While a swanky airport lounge can’t alleviate Los Angeles International Airport’s infamous curbside gridlock, it can make it become a more distant memory.

The latest predeparture sanctuary that will land at LAX? It’s from a company best known for its bank branches. Chase announced on Thursday it will open a 9,234-square-foot Sapphire Lounge at Tom Bradley International Terminal (TBIT), near Gate 148. An opening date was not shared.

Dana Pouwels, head of airport lounge benefits and strategic partnerships for Chase, said the company is investing in meeting its customers where they are.

“Los Angeles is home to many cardmembers and a popular destination among Chase travelers,” Pouwels said. “And as a native Angeleno who frequently travels through LAX to visit home, I’m excited to bring a Chase Sapphire Lounge to my home city.”

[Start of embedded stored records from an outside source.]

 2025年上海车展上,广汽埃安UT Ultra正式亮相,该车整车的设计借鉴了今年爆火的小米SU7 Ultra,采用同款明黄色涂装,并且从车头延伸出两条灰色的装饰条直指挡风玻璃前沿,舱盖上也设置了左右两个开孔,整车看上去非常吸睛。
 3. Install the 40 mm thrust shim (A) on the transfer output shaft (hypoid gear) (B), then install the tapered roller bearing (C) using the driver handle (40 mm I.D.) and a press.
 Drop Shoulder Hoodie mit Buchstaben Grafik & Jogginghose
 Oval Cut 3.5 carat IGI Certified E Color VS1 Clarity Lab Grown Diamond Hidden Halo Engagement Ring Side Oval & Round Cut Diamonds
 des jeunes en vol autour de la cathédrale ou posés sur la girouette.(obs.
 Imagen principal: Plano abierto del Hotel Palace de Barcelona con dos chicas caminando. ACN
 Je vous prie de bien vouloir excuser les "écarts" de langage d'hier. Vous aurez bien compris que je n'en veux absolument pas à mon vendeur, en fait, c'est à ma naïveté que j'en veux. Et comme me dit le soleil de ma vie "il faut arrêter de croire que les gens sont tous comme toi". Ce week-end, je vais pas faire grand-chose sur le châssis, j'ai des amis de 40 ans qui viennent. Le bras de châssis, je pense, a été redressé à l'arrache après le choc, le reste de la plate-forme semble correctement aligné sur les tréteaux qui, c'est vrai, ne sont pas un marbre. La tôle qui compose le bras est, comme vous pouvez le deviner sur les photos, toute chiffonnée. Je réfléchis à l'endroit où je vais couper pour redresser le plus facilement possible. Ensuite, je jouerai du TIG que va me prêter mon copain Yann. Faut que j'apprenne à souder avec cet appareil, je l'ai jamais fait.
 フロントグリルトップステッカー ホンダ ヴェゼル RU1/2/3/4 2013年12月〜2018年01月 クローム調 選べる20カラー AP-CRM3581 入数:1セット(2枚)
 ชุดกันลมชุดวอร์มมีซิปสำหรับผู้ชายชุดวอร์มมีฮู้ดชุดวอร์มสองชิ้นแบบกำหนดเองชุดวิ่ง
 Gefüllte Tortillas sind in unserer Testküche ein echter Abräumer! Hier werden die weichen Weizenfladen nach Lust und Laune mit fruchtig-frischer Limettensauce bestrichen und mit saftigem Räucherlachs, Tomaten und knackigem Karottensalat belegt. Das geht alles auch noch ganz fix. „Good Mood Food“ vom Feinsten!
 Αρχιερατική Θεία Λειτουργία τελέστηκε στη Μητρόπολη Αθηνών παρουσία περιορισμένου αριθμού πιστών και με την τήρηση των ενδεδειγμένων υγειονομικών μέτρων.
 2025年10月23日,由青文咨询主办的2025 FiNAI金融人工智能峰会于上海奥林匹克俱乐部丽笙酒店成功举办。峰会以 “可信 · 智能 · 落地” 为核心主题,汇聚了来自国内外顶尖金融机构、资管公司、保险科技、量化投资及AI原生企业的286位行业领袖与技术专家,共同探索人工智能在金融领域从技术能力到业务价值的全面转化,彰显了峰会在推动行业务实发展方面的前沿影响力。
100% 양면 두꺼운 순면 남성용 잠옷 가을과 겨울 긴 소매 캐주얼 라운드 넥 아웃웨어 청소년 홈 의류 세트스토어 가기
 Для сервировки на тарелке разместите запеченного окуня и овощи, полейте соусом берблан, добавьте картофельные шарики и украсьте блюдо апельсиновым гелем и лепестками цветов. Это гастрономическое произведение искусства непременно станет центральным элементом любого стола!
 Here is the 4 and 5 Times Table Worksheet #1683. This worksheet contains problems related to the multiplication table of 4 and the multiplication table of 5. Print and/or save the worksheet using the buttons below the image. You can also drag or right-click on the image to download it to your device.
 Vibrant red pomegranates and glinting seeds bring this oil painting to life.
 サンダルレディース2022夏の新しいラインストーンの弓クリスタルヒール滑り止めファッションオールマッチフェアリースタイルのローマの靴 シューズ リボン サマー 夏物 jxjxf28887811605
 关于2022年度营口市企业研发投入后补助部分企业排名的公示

Based on renderings, the premium Chase space will feature expansive tarmac views — a first for a lounge in TBIT’s main concourse — along with a dramatic waterfall-style chandelier above a granite and wood bar. While Chase was mum on proposed amenities, if it’s anything like the company’s other lounges now at five airports, expect it to skew higher-end.

A rendering of the seating area in the new lounge.


The first U.S. Sapphire Lounge for Chase debuted in Boston one year ago. Features include a gourmet buffet and à la carte dining (their Sapphire burger is a particular standout); dedicated wellness and shower rooms; and a residential-inspired design meant for both work and leisure. Meanwhile, the LaGuardia Airport location in New York that opened earlier this year even offers complimentary facials and ultra-high-end private suites (for a hefty additional fee).

Pouwels said the “space will pay homage to Los Angeles while embodying local modern elements that celebrate the culture of the city.”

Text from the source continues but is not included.